Reading articles like this one can be frustrating because it seems so obvious that providers should consider a patient’s backgrounds in the delivery of health care.  It seems doubly obvious that seeing an immigrant patient should prompt that provider to consider that language, cultural, and health literacy barriers may need to be addressed.  On the other hand, we recently read Fisher v. University of Texas (2013) in my constitutional law course and made a point to discuss the amicus briefs vehemently opposing affirmative action filed by the Asian American interest groups on the grounds that Asian Americans, who “demonstrate academic excellence at disproportionately high rates,” are “[p]articularly hard-hit” by affirmative action.  The concurring opinion by Justice Thomas also noted that “Blacks had a mean GPA of 2.57 and a mean SAT score of 1524; Hispanics had a mean GPA of 2.83 and a mean SAT score of 1794; whites had a mean GPA of 3.04 and a mean SAT score of 1914; and Asians had a mean GPA of 3.07 and a mean SAT score of 1991.”  Highlighting these points (in an amicus brief, in a Supreme Court opinion, and in class discussion) seems to perpetuate the “common perception that all Asians are well-educated,” even if those facts were intended to apply only to that university for that case.

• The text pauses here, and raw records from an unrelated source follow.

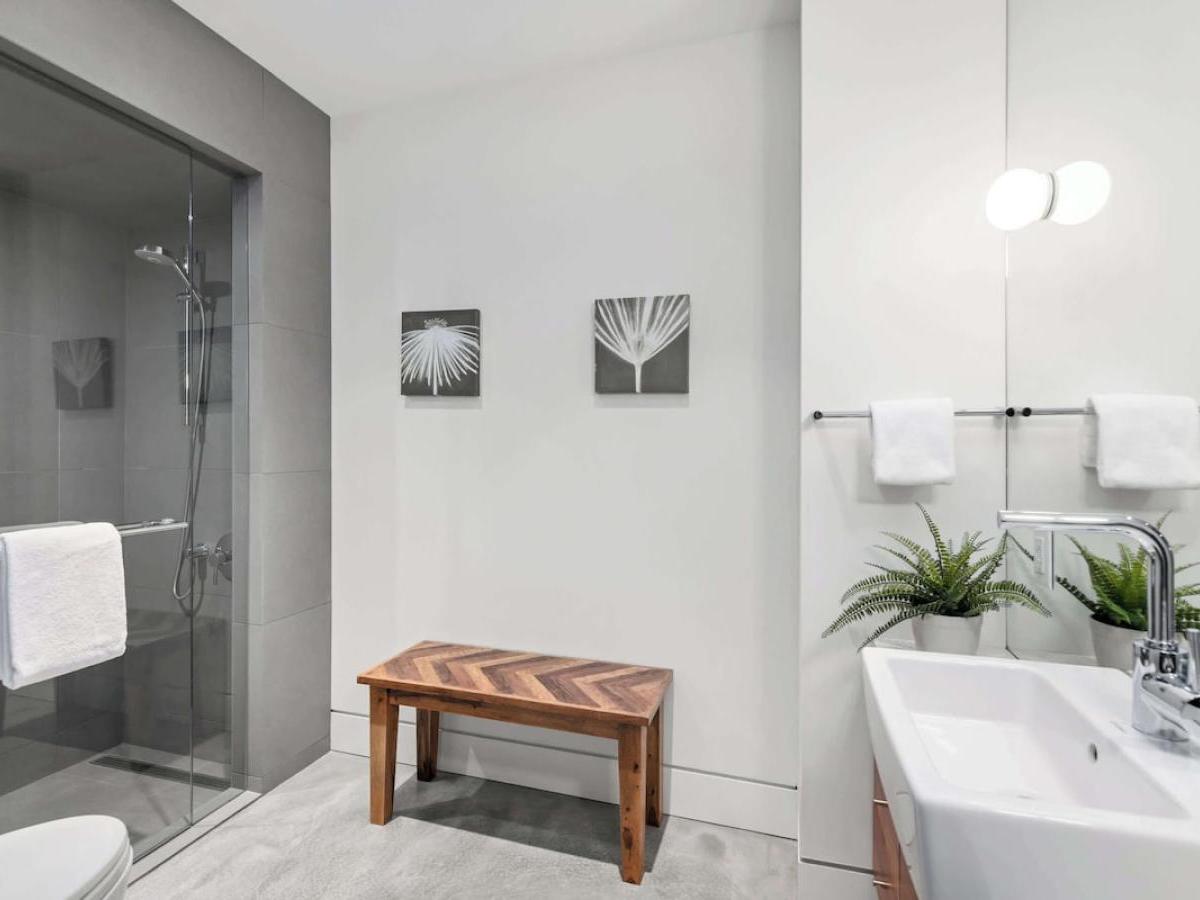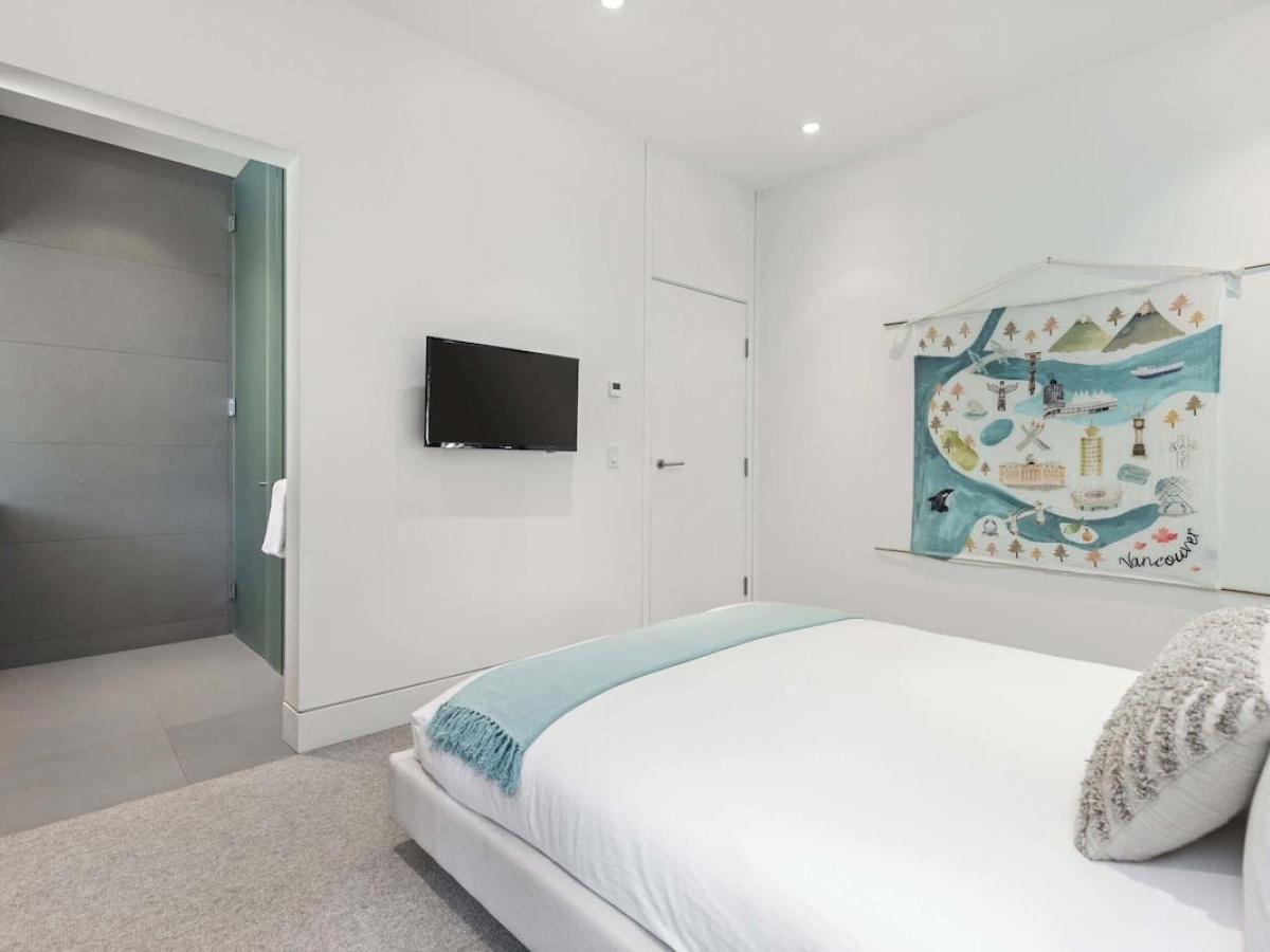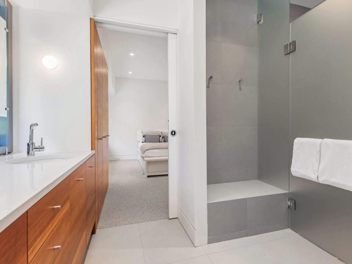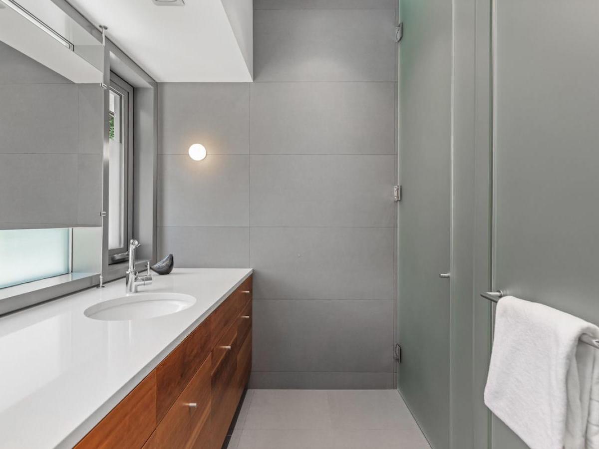 Downstairs, a guest bedroom features a Queen bed and flat-screen TV, conveniently located next to a modern bathroom with a glass-enclosed shower. Two additional guest rooms, each with a Double bed plus a Twin Trundle bed, provide comfortable accommodations for children or extra guests. These rooms share a Jack-and-Jill ensuite complete with a double vanity and walk-in shower. The fifth bedroom offers a Queen bed, flat-screen TV, and a private ensuite with a glass-enclosed shower.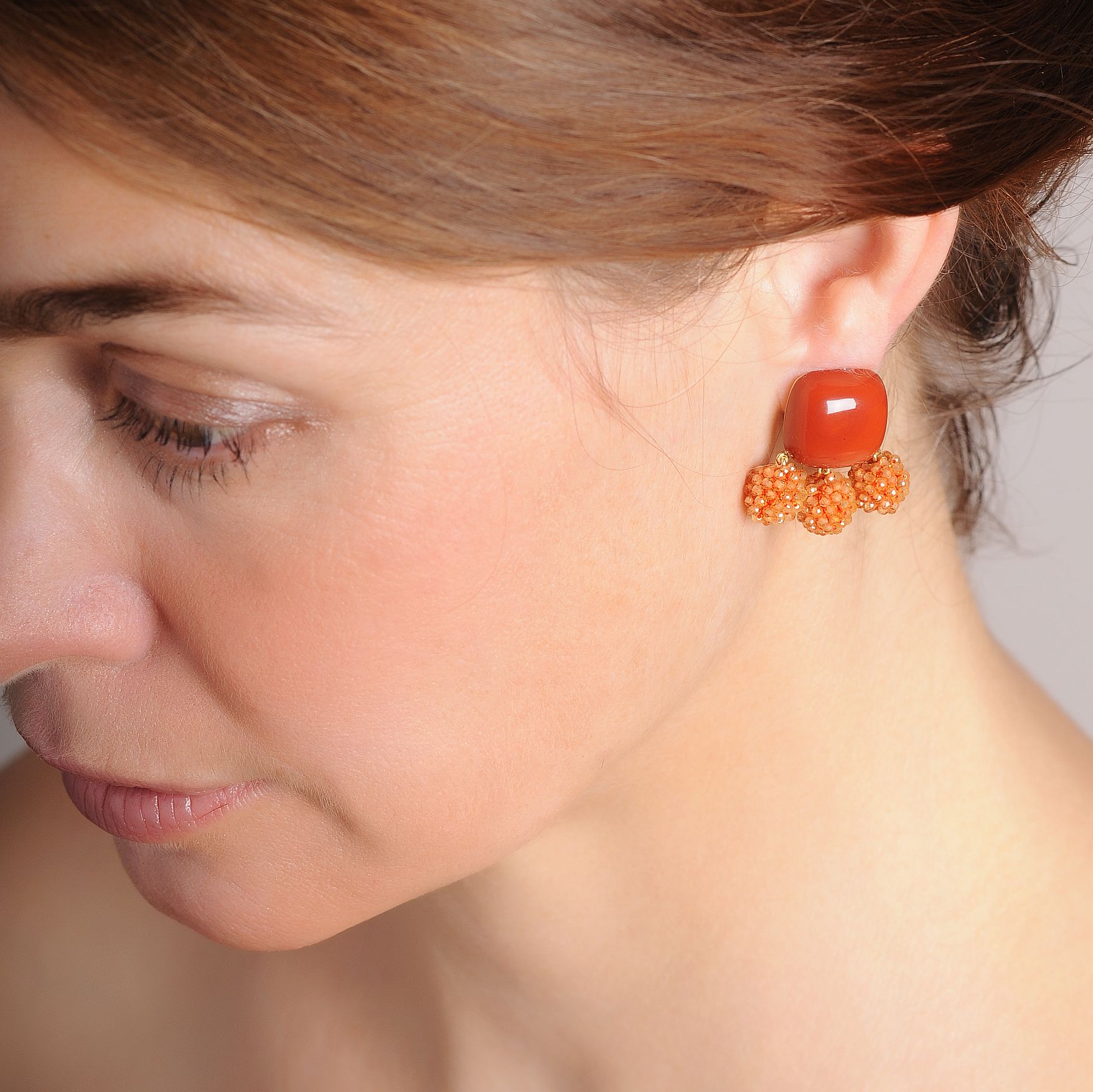 Christine Köppel, Ohrclips »Jaspis + Mandaringranat-Kugeln«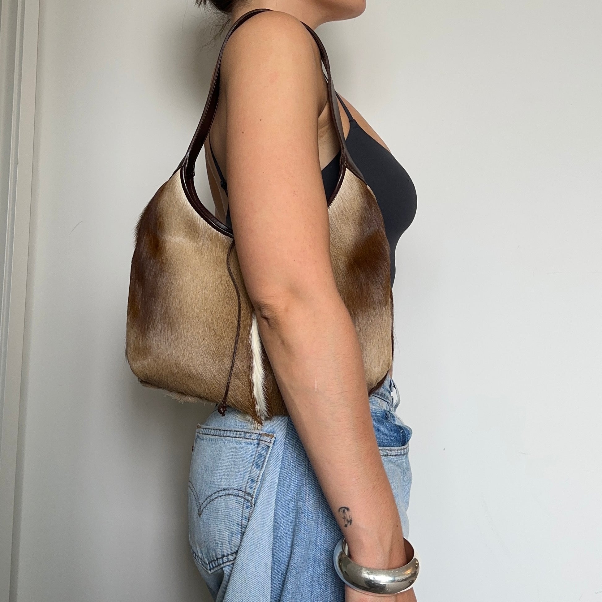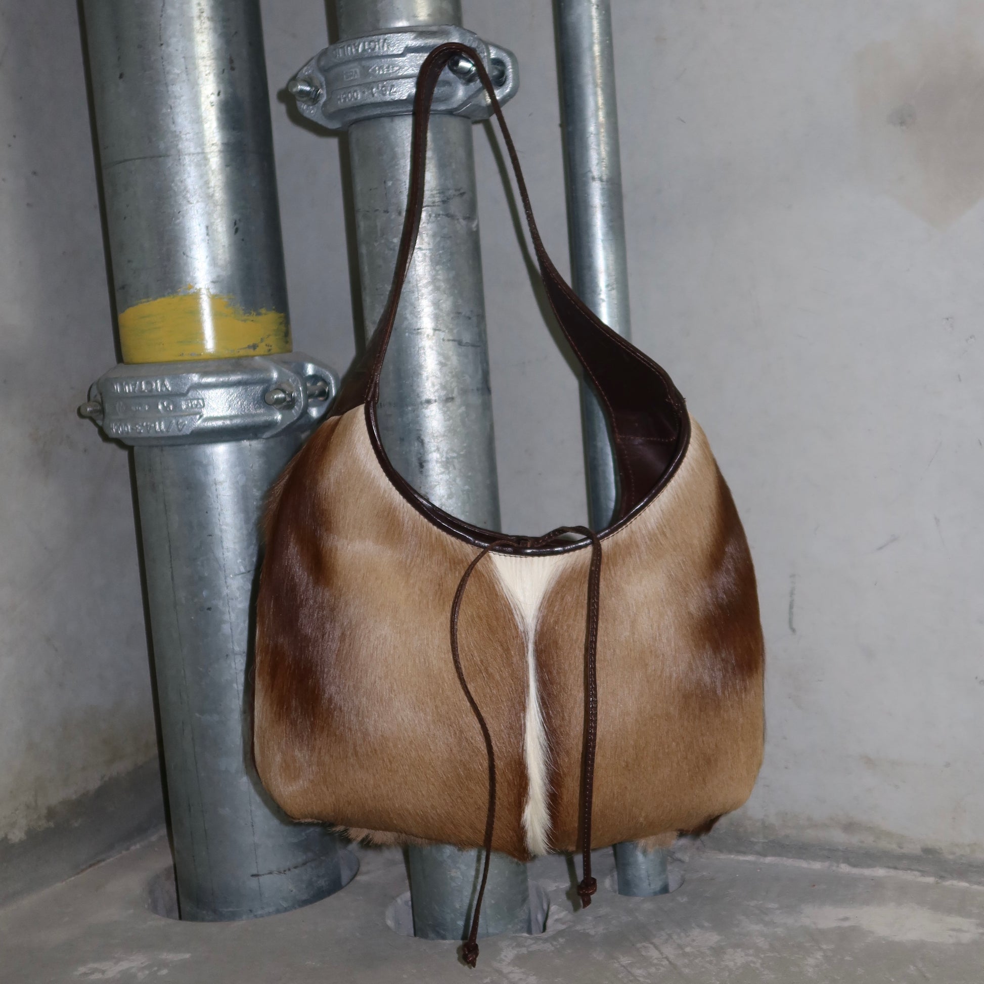 Insane real fur mini hobo shoulder bag. This is either gazelle or springbok fur. Super cute with three inner compartments and a leather tie closure.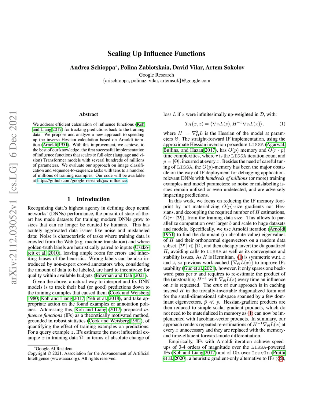 We address efficient calculation of influence functions for tracking predictions back to the training data. We propose and analyze a new approach to speeding up the inverse Hessian calculation based on Arnoldi iteration. With this improvement, we achieve, to the best of our knowledge, the first successful implementation of influence functions that scales to full-size (language and vision) Transformer models with several hundreds of millions of parameters. We evaluate our approach on image classification and sequence-to-sequence tasks with tens to a hundred of millions of training examples. Our code will be available at https://github.com/google-research/jax-influence.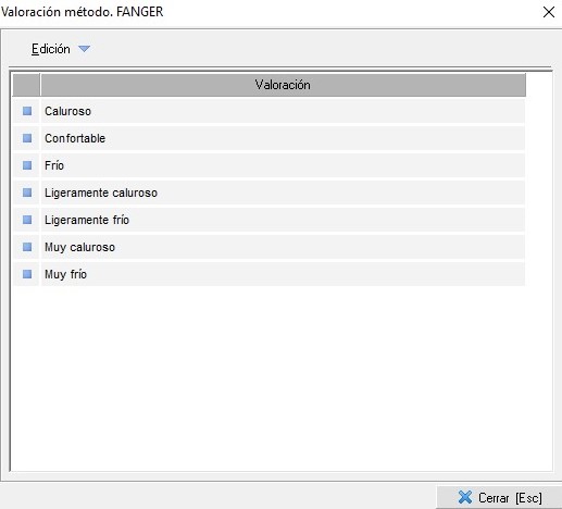 Este mantenimiento funciona exactamente igual que el visto en el apartado anterior con las especificaciones del método WCI. En él están definidas las distintas valoraciones del efecto frío indicadas en el método. El usuario podrá cambiar la definición de estas valoraciones, pero no podrá crear valores nuevos ni eliminar los existentes.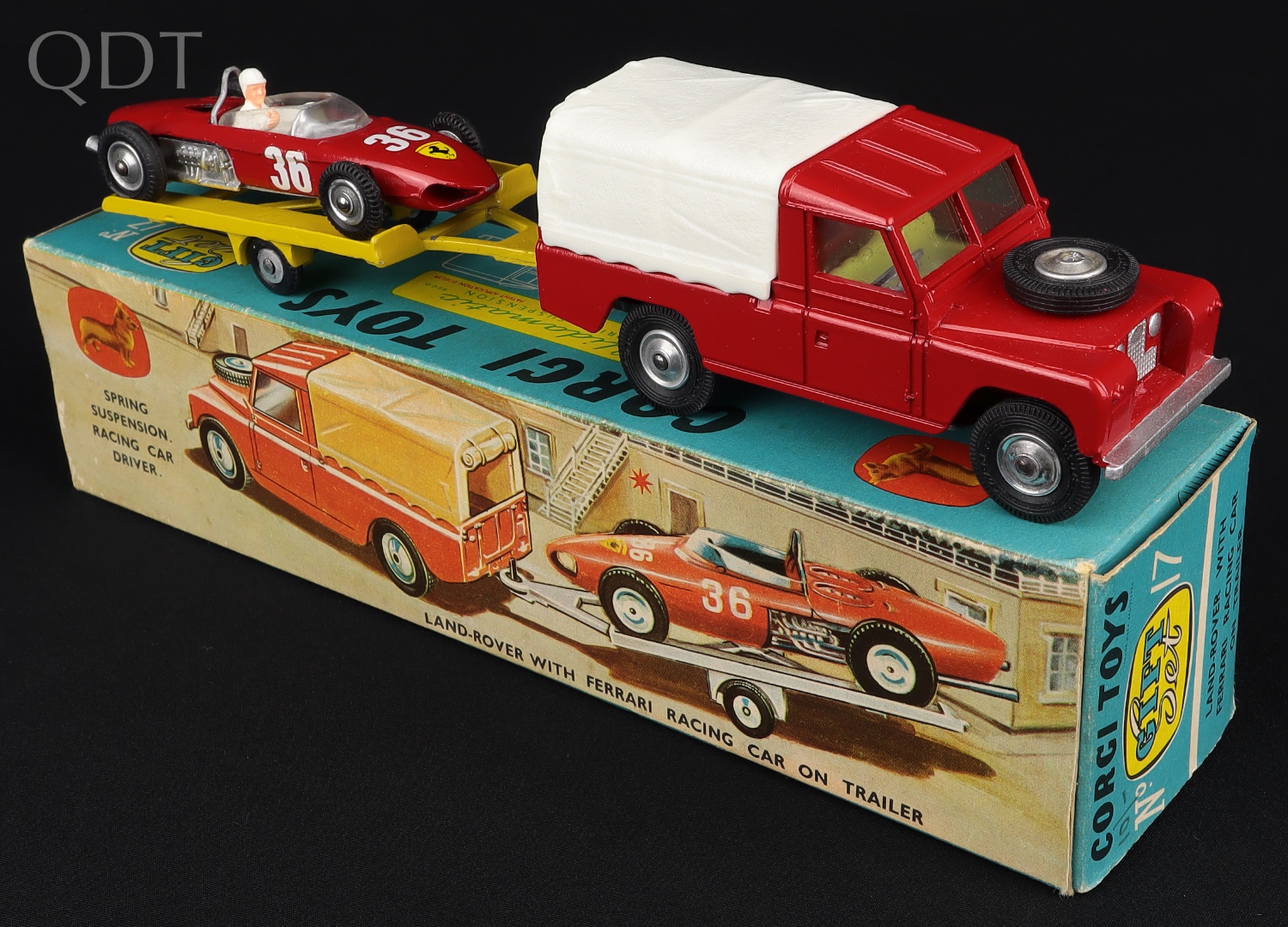 Land-Rover with Ferrari Racing Car on Trailer by Corgi Toys, Gift Set No. 17. Very scarce LAST issue with plastic tow hook, late issue nylon tyres & WHITE canopy. A First for QDT! Near mint plus - very near mint/boxed with plinth. From The Elmer Collection. Starting bid £250. Please note that QDT apply 12.5% buyer's commission.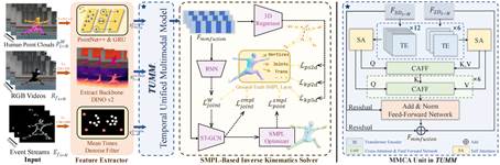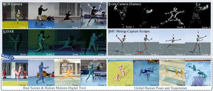 针对复杂且快速的全局人体动作捕捉问题,我们基于激光雷达、IMU、RGB相机和事件相机构建了多模态人体运动数据集-RELI11D,包括10 名采集者在 7 个不同的真实体育场景中进行的5项体育运动动作。本文还提出了一种全局人体姿态估计任务上的多模态Baseline-LEIR,设计了适用于人体姿态重建的交叉注意融合策略。实验表明,LEIR 在快速运动和日常运动方面表现出较好性能,且验证多模态数据集特征可有效提升HPE 性能。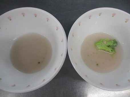 [写真3]わかりにくいですが、給食室で実験した結果です。左が元のスープ/右がマリネのブロッコリーを浸したもの。右のほうが心なしか鮮やかに発色して桃色っぽく見えるような・・・?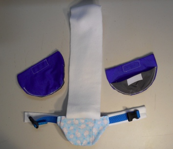 The Diaper Holder is held on, or holds together, with a small high impact plastic buckle and slide, backed with polar fleece. Once set to size it will stay put. It makes this Goose Diaper Holder very comfortable and secure for the goose wearing it with no big bulky or shiny parts.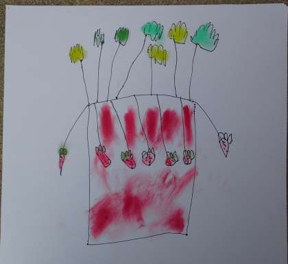 いちごと植木鉢の色は,似ているけれど違うからね。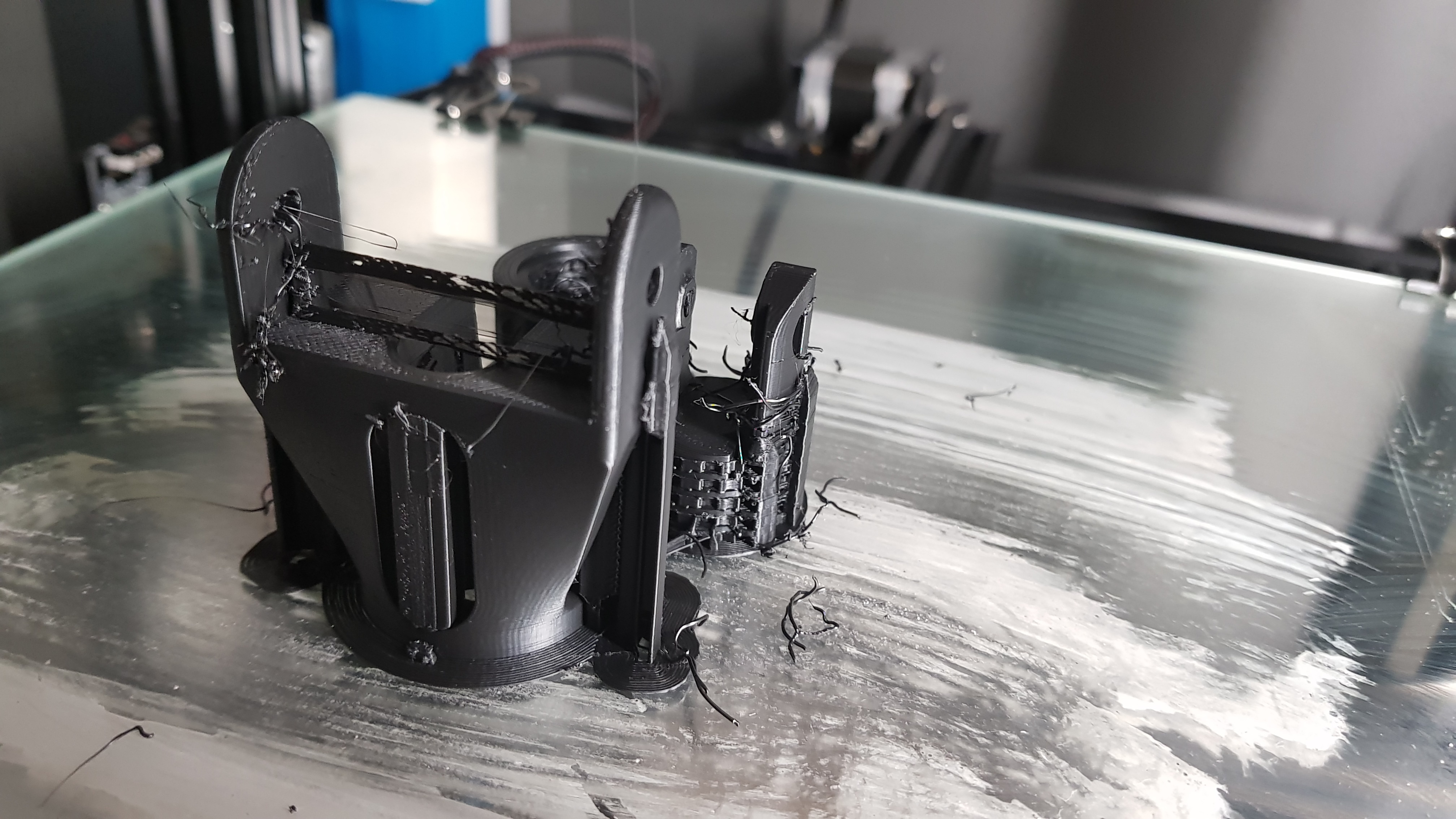 Gisteren heb ik wel voor het eerst de filament runout sensor geprobeerd. Ik wist dat er niet genoeg filament was om de onderdelen te laten printen, maar toch gewoon gestart. Eenmaal dat de sensor werd getriggered, stopte de printer en koelde de hotend af. Een paar klikken en seconden wachten tot de hotend op temperatuur was, nieuw rolletje filament pakken en weer gaan.

Regardless of one’s opinion on affirmative action, there is no denying that this perception of Asian Americans as well-educated exists, at least in some circles, and that it has affected the delivery of health care.  Unfortunately, the Asian American population that has “often been [medically] underserved,” as described by the author of the AFP article, could not possibly be properly served by a health care system that operates on blanket assumptions.

Ebola-related postscript: In my last entry, I wrote on the Ebola epidemic in West Africa and the seeming lack of concern in the U.S. for the disease.  That entry was written just hours before news broke that the first Ebola patient was diagnosed in the U.S.  My post quickly became outdated as our concern (or interest) increased exponentially.  As I spent my summer at the CDC during the period when it seemed like very few were willing to join the fight against Ebola, it has been interesting to see the dramatic shift in this country from caring too little to, arguably, caring too much over the span of just a few weeks.